Do you and Mark have any non-negotiables when it comes to parenting?We never raise our voice or get angry at the kids. We always have clear communication with them - firm if we need to set boundaries - but never stern. It's just being conscious of their feelings and emotions and ensuring that they recognise that we are here to help them move through whatever it is they're trying to navigate and that all of their feelings are okay with us. People can label kids as naughty but typically they're just asking to be heard, so for us, checking in, removing frustration and really speaking with them calmly is always our go-to technique.
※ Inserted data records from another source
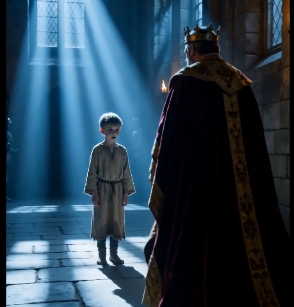 He could not have been more than ten years old. His tunic was simple — the kind a commoner’s child might wear — and his face was pale, his dark hair falling soft around his ears. He stood perfectly still, hands at his sides, and he was looking at the King.
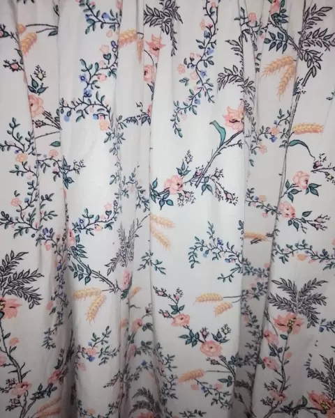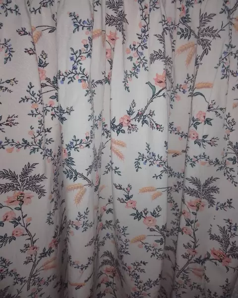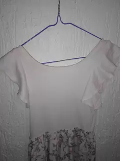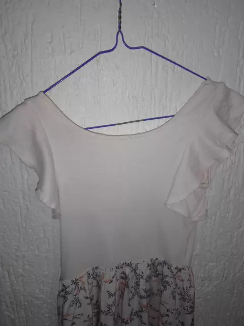 Es un vestido mido, estampado floral, se puede utilizar con sandalias o con botas, la parte superior es de algodón, tiene escarolas en la manguita, mide 78 cms de largo.
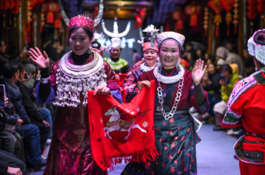 3月8日晚,一场“村T”民族服饰秀在贵州省凯里市苗侗风情园举行。来自黔东南苗族侗族自治州16个县市的绣娘、妇女代表走上T台,展示绚丽多彩的民族服饰之美。
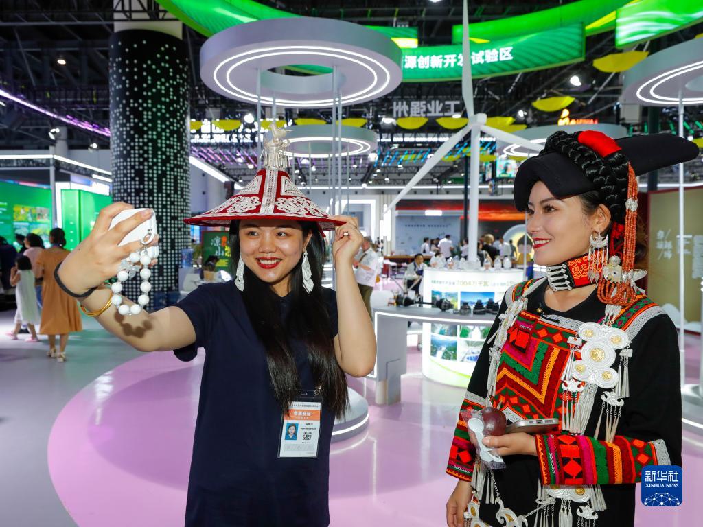 6月29日,在第十九屆中國西部國際博覽會的四川“五區共興”館內的涼山州展區,一名參展商(左)試戴彝族特色帽飾。
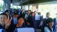 生徒はバスの中から牛や馬を見つけ、元気にバスドライブを楽しんでいます。
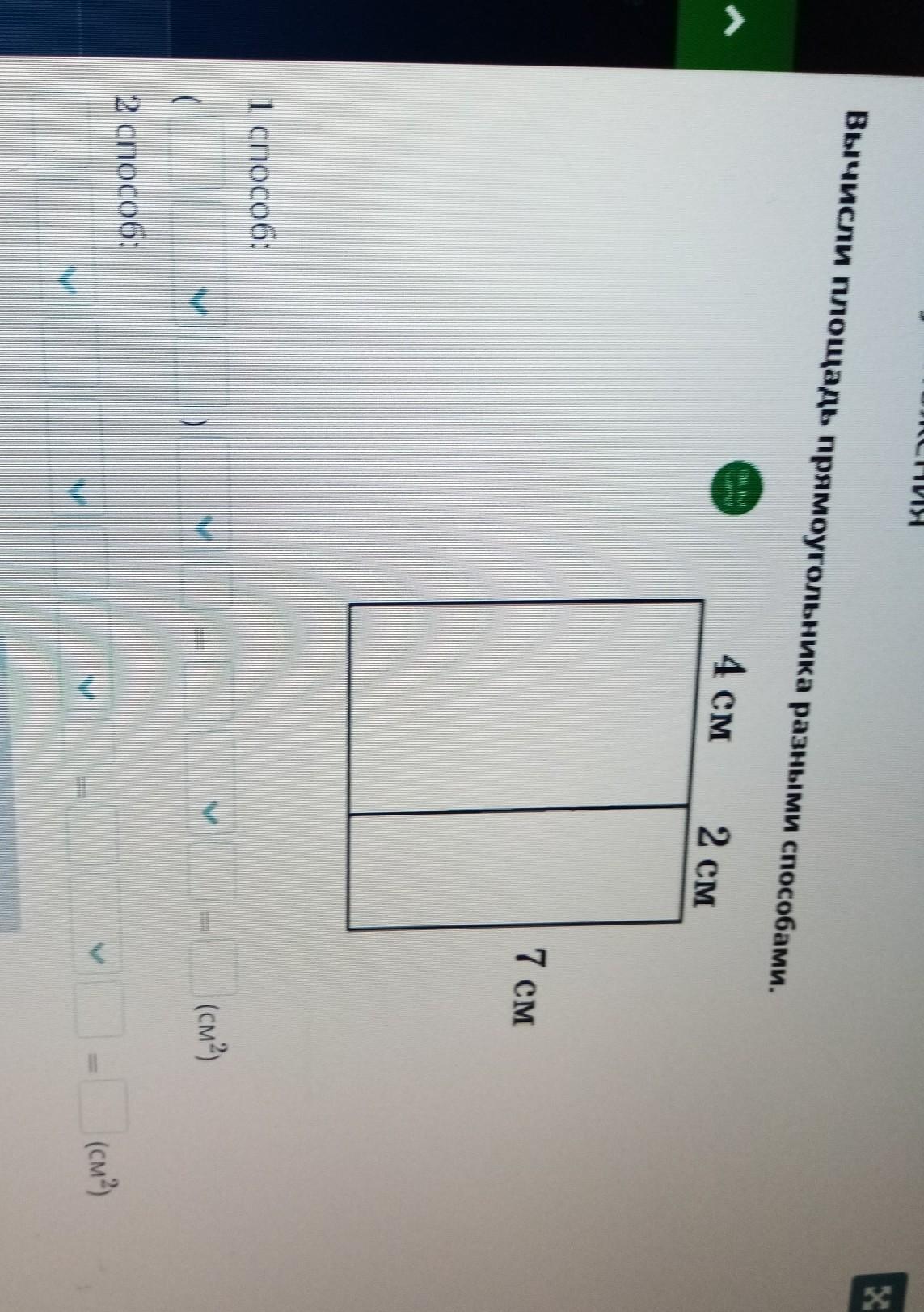 свойства умножения Вычисли Площадь прямоугольного разными способами 4см 2см первый способ второй способ
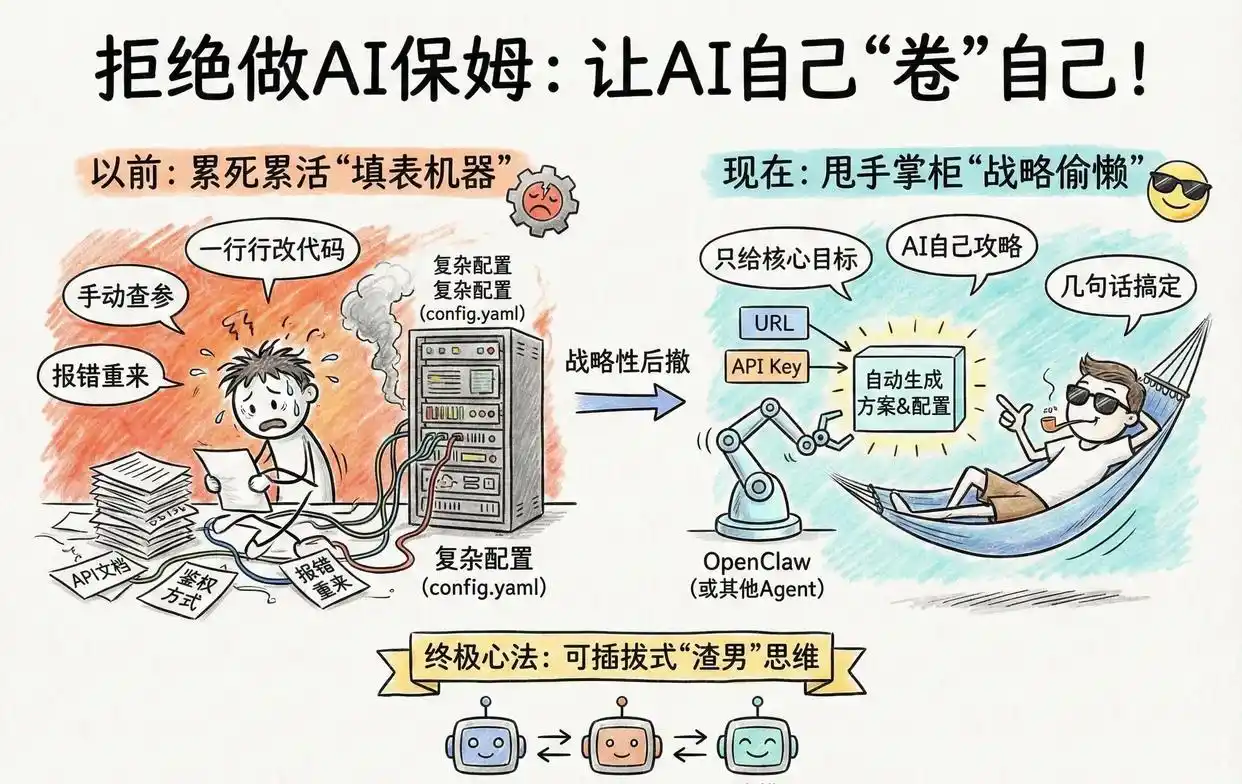 然而,我发现许多人仍在门外观望,或者一开始就掉入了死胡同。很多人虽然掌握了 OpenClaw,却仍然以传统的思维方式去操作。每天纠结于它是否能够自动绕过人机验证,API 接口的具体使用方式,以及那数百行的 config.yaml 文件是否需要逐行修改。老实说,这种操作就像拥有了一台智能扫地机,却依然在旁边盯着它清扫房间,既疲惫又痛苦。
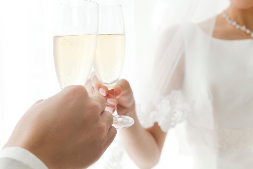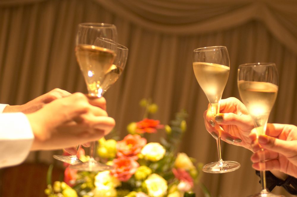 乾杯の挨拶ではとにかく簡潔に終わらせることを意識したうえで、3分程度のスピーチを考えておくことがポイントです。たとえば、「〇〇(新郎)さん、〇〇(新婦)さん、ご結婚おめでとうございます。ただ今司会の方からご紹介にあずかりました、〇〇○○(会社名)の〇〇でございます。僭越ではございますが、乾杯の音頭を取らせていただきます」などとして、司会者に合図を送ってゲストに起立してもらいます。乾杯のタイミングに関しては、司会者に伝わりやすいように指示を出すことがポイントです。もし、自分自身でゲストに起立を促すのであれば、「それでは皆様グラスをお持ちの上、お立ち上がりください」などとするとスマートです。
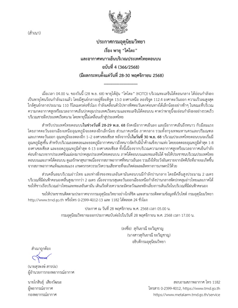 เมื่อเวลา 05.00 น. วันที่ 28 พฤศจิกายน 2568 เว็บไซต์ กรมอุตุนิยมวิทยา เผยเเพร่ ประกาศกรมอุตุนิยมวิทยา เรื่อง พายุ โคโตะ และอากาศหนาวเย็นบริเวณประเทศไทยตอนบน ฉบับที่ 4 (366/2568) (มีผลกระทบตั้งแต่วันที่ 28-30 พฤศจิกายน 2568)
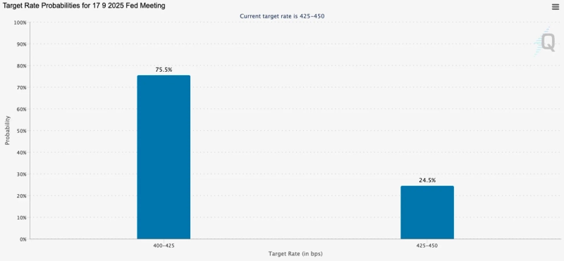 Meanwhile, according to the Chicago Mercantile Exchange (CME) FedWatch tool, as of 1 PM on this day, the probability of the Fed holding rates steady in September was estimated at 75.5%. As U.S. producer prices in July rose more than expected, hopes for a rate cut have eased slightly from the previous 90% levels.
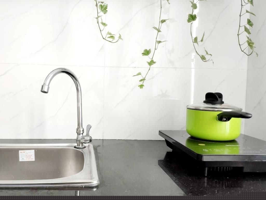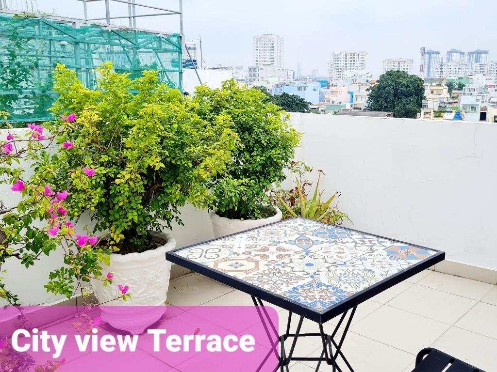 - Tòa nhà ít người vì chỉ có 7 căn, có khu vực tiếp khách và sân thượng chung cho mọi người cùng sử dụng, máy giặt
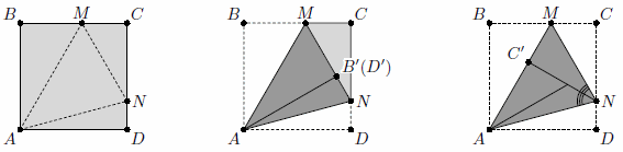 Разогнём бумагу и отметим равные углы, которые были совмещены при сгибании (пунктирные линии на рисунке – стороны исходного квадрата ABCD, которые ранее совмещались). Угол MAN составляет половину прямого угла BAD, то есть равен 45°. Три равных угла с вершиной M вместе образуют развёрнутый угол, поэтому ∠AMN = 60°. Значит, ∠ANM = 180 – 45° – 60° = 75°.

In a nutshell, for you, what is the key to balancing motherhood with your creative passions, friendships and marriage?Just recognising what the things are that I'm wanting to balance - playdates/Bodhi, Your Zen Life/Your Zen Mama, acting, spirituality/self development, fitness, ‘me’ time and Mark. I will grab my calendar and see what my obligations are and then I will often put in colour codes of each of the above things so I know I'm making time for them each week. Ideally, it'll be a balance of all or most things each day but if I get to do just a couple each week then I feel like I'm in a harmonious place. The other major thing is that I include Bodhi in a lot of the things I want to balance, except of course Me-time and I carve out special Mark and I time. I incorporate him in my fitness, I listen to Eckhart Tolle podcasts in the car when he is with me, I bring him to work and he is in a lot of my Your Zen Mama and Your Zen Life videos, too!
What are a few of your favourite little luxuries?Sleep-ins, baths with lavender bath salts, a good mystery book, playing an App on my phone and right now, the obsession is Monopoly! I have rare moments to do these things so that's why they feel so luxurious.
Where is your happy place?Either at my home in LA with Bodhi, Mark and friends and their kids or in Adelaide doing the same thing. I'm always feeling so blissed out when that happens and all my loved ones combine.
Above all else, what is the one dream for your children?I just want Bodhi to have enough self love that he can be in an unwavering place of happiness, which will in turn extend to all those around him and filter through all he does.